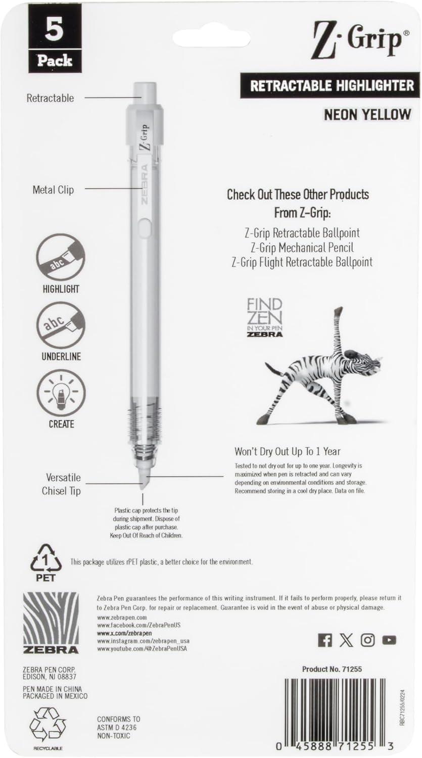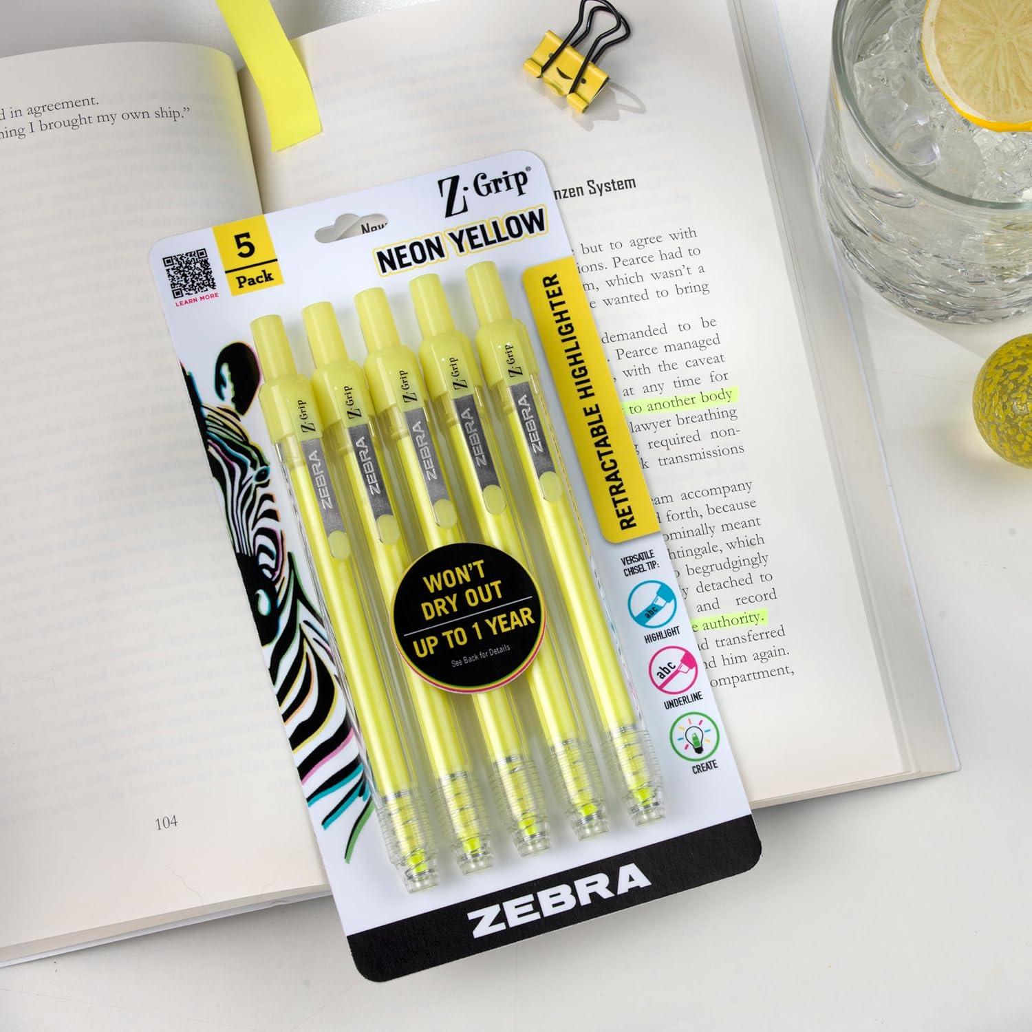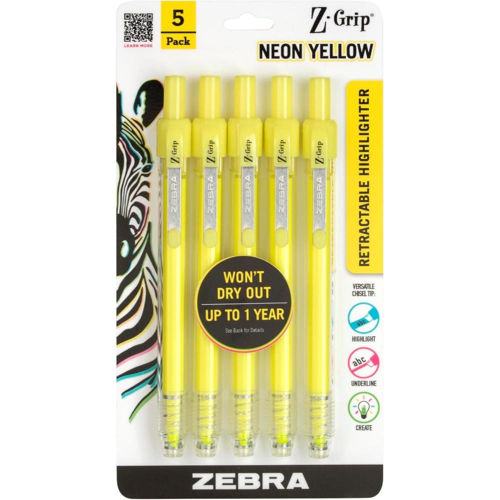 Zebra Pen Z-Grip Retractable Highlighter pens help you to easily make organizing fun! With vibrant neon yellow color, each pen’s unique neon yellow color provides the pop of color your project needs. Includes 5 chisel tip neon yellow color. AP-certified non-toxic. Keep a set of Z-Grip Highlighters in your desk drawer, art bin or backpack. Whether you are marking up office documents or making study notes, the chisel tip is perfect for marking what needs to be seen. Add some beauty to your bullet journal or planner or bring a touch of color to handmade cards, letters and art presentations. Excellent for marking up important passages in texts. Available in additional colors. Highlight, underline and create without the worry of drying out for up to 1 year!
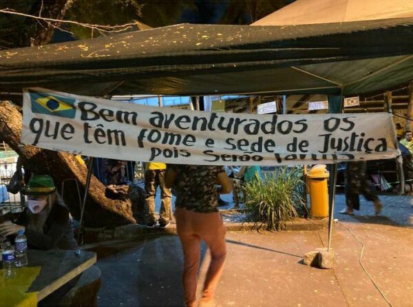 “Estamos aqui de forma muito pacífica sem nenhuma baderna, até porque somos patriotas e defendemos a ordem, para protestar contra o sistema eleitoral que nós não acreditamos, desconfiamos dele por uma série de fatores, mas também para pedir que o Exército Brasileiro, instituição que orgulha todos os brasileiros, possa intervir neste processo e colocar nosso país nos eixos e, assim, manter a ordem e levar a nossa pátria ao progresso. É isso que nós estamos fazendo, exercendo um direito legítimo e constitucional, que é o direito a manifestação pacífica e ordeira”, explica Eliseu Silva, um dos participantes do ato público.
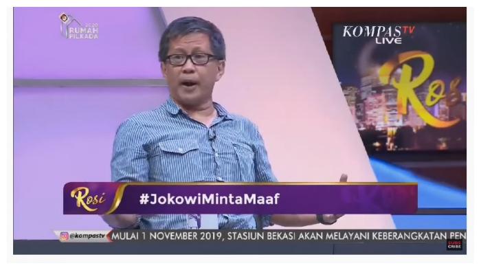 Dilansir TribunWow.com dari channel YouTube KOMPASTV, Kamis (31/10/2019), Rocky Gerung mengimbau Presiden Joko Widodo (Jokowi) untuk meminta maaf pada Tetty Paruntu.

------------

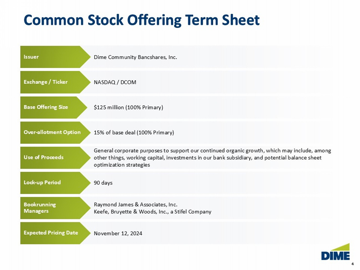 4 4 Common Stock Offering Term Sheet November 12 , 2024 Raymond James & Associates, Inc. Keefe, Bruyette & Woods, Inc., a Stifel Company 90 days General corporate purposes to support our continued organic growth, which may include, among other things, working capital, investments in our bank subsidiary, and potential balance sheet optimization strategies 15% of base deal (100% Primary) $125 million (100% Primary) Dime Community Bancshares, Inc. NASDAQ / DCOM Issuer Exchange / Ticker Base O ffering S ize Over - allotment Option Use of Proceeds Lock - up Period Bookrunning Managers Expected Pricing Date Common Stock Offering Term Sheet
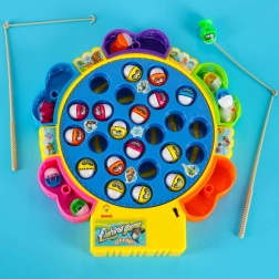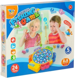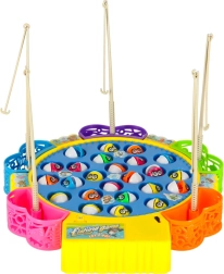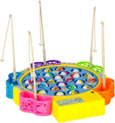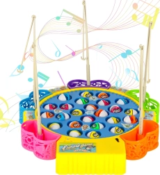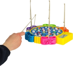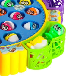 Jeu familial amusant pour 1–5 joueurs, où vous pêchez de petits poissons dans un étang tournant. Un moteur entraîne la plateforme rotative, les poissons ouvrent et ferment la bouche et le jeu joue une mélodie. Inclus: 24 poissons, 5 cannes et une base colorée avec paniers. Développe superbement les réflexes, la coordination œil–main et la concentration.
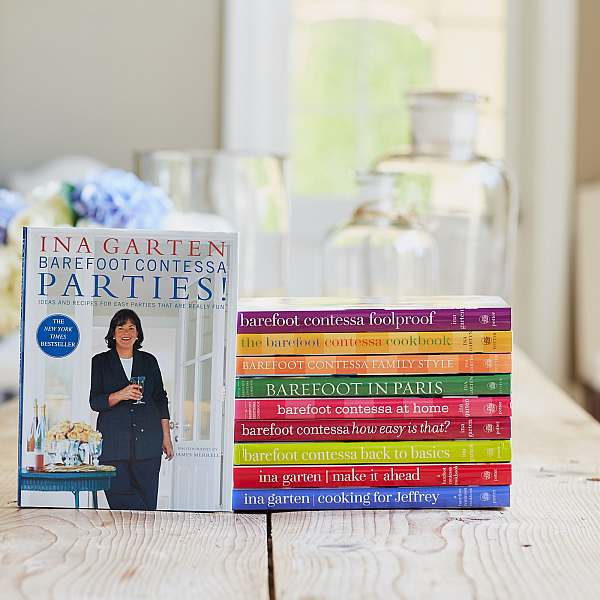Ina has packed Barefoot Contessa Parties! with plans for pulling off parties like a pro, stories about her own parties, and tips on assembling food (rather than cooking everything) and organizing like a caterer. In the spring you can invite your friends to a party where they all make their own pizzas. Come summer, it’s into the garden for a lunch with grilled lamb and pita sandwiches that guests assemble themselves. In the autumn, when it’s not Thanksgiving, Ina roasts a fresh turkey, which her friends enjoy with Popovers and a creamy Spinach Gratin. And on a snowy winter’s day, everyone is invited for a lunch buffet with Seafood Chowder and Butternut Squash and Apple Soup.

------------

> Instructions to follow
Those lines of the records above that run from the one containing "do ato público." through the one containing "Dilansir TribunWow.com dari" should be returned exactly, with no pictures among them.

> Output for this task
 “Estamos aqui de forma muito pacífica sem nenhuma baderna, até porque somos patriotas e defendemos a ordem, para protestar contra o sistema eleitoral que nós não acreditamos, desconfiamos dele por uma série de fatores, mas também para pedir que o Exército Brasileiro, instituição que orgulha todos os brasileiros, possa intervir neste processo e colocar nosso país nos eixos e, assim, manter a ordem e levar a nossa pátria ao progresso. É isso que nós estamos fazendo, exercendo um direito legítimo e constitucional, que é o direito a manifestação pacífica e ordeira”, explica Eliseu Silva, um dos participantes do ato público.
 Dilansir TribunWow.com dari channel YouTube KOMPASTV, Kamis (31/10/2019), Rocky Gerung mengimbau Presiden Joko Widodo (Jokowi) untuk meminta maaf pada Tetty Paruntu.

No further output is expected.